3. Subscription Management: The subscription and unsubscription mechanism for mDNS queries might have a flaw, causing the OTBR to remain subscribed to the hostname even after unsubscribing. A thorough review of the subscription management code is necessary.
4. Thread Synchronization: If the mDNS query process involves multiple threads, synchronization issues could lead to race conditions where queries are initiated repeatedly. Investigating thread synchronization and potential race conditions is important.

Conclusion

The persistent mDNS query bug in the OpenThread Border Router represents a significant issue that can lead to unnecessary network traffic and potential performance degradation.

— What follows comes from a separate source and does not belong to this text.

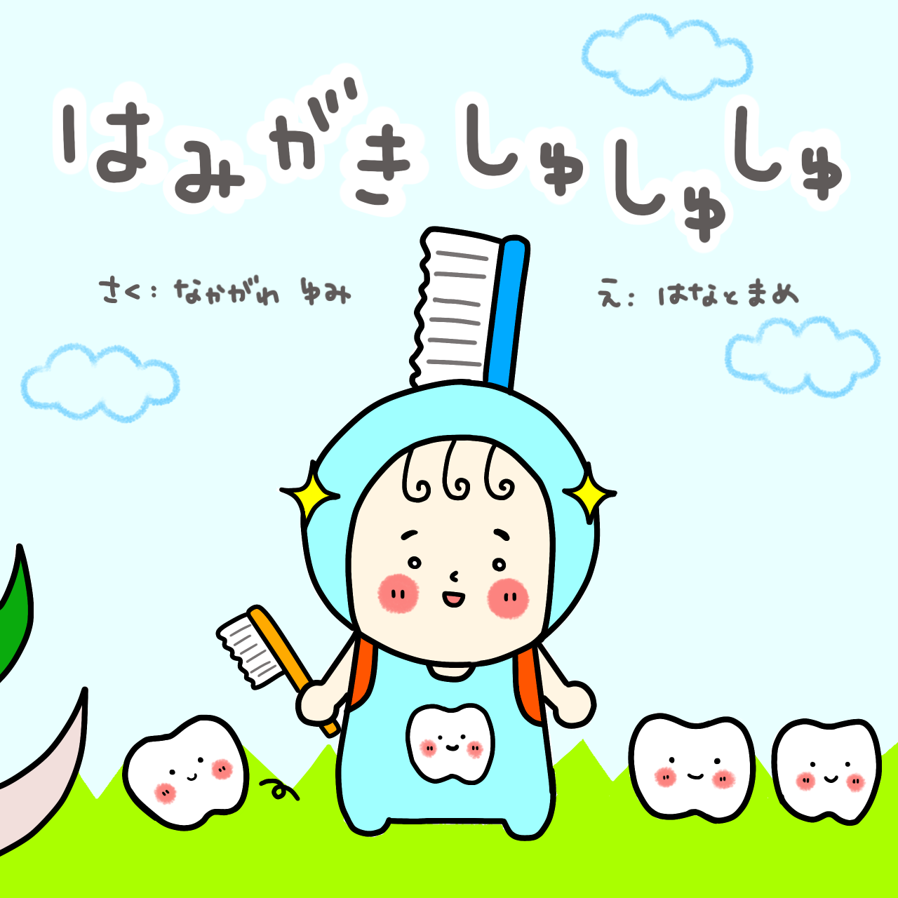 こんにちは。なかがわゆみです。『はみがきしゅしゅしゅ』には、かばさんが出てきます。かばさんの大きな口を登場させるアイデアは、さっちゃんから。さっちゃんは、長男の時のママ友で、今はもう連絡が途絶えています。元気かなー。長男が小さいころ、食べこぼしがひどかったので家で二人でお昼ご飯の時間を過ごすのが苦痛でした。それで、公園で仲良くなったママとよくお昼を一緒に食べてました。その場で突然誘うので、それぞれのお昼を持ち寄って…。子どもは飽きたりお腹がふくれてくると、「あーん」しても口をあけてくれなくなります。うちの子に限らず、さっちゃんのお子ちゃんもスプーンが入らない小さな口を開けることがありました。そんな時さっちゃんが「ちいさなお口やな~、リスさんのお口やなそれは…。かばさんのお口はどんなかな~?」というと、「あ~」と大きな口が開くのです!!さっちゃん、天才!!!だからこの歌ができたのは、さっちゃんのおかげでもあるのです。感謝。さっちゃん、ありがとう。またどこかで再会できたら嬉しいな。

By meticulously following the steps to reproduce the bug, analyzing the logs, and considering the additional context, developers can effectively pinpoint the root cause and implement a robust solution. Addressing this bug will enhance the stability and efficiency of OpenThread networks, ensuring a better user experience. Further debugging and code review, focusing on the potential causes mentioned above, will be instrumental in resolving this issue and preventing its recurrence in future releases.

By understanding the nuances of this bug, the OpenThread community can work collaboratively to create a more resilient and efficient IoT ecosystem. This analysis serves as a foundation for further investigation and resolution, ultimately contributing to the advancement of OpenThread technology.